With 90% confidence, the true fraction is between 26.9% and 54.2%.

OK, but what does this actually mean? Here “confidence” is a technical work, with a precise (and somewhat subtle) meaning. Almost every scientist interacts with confidence intervals, but surveys show the vast majority don’t fully understand them (Hoekstra et al., 2014, Lyu et al. 2020).

I have a theory: Confidence intervals can be explained—*really* explained—in a fully conceptual way, without using any math beyond arithmetic. The core idea to first look at confidence *sets* in cases where everything is discrete. In these cases, everything can be laid out in a table, and the core difficulty just making sure you don’t confuse the rows and the columns.

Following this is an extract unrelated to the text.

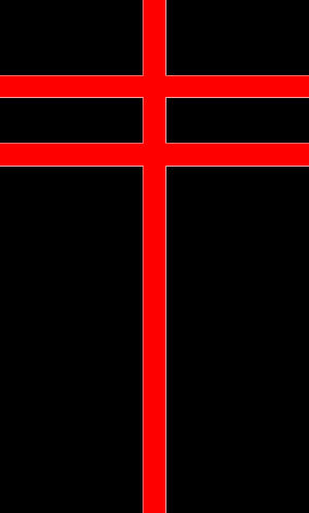 Emblem of the Norsefire, fictional political party in the film V for Vendetta

The year is 2052. The youth have grown tired of their phones and now only care about probability and game theory. You work at a carnival. One day your boss comes over and says, “*Listen, we don’t have enough capacity on our new ride. To pander to the kids and their damn probabilities, we’re going to make a game, where winners can go on the ride. You’re going to run this game.*

Your boss outlines some (slightly strange) rules for how the game is supposed to work:

- The guest picks one of a few 4-sided dice, each of which has a different color and weight distribution.
- The guest will roll that die, and the outcome (⚀, ⚁, ⚂, or ⚃) is announced.
- Based on that outcome, you need to guess some set of colors.
- The true color of the die is revealed. If it’s
*not*in the set of colors, the guest can go on the ride.

For example, say that after the die is rolled you guess {red, blue}, and the true color turns out to be red. Then the guest wouldn’t get to go on the ride. If you’d guessed {green} and the true color were blue, the guest would get to go on the ride

Your boss stresses two things: First, the ride only has capacity for 30% of the guests. Second, you should keep your sets as small as possible (to keep things interesting).

Here are the six dice, which the carnival’s lab has helpfully CT scanned and run simulations on to calculate the true probability that each die will come up with each side:

Die | ⚀ | ⚁ | ⚂ | ⚃ |
---|---|---|---|---|

red | .7 | .1 | .1 | .1 |

green | .1 | .7 | .1 | .1 |

blue | .1 | .1 | .7 | .1 |

yellow | .4 | .3 | .2 | .1 |

white | .1 | .2 | .4 | .3 |

What should your strategy be? You reason as follows:

- For each outcome (⚀, ⚁, ⚂, or ⚃) you need to choose some set of colors. So choosing a strategy is equivalent to choosing some subset of entries in the above table.
- The guests will share information and use their cursed game theory to maximize their chances. If any color gives them a better chance to get on the ride, they’ll all pick that color. So, it’s necessary that for each row, the sum of probabilities in the columns you include must add up to at least .7.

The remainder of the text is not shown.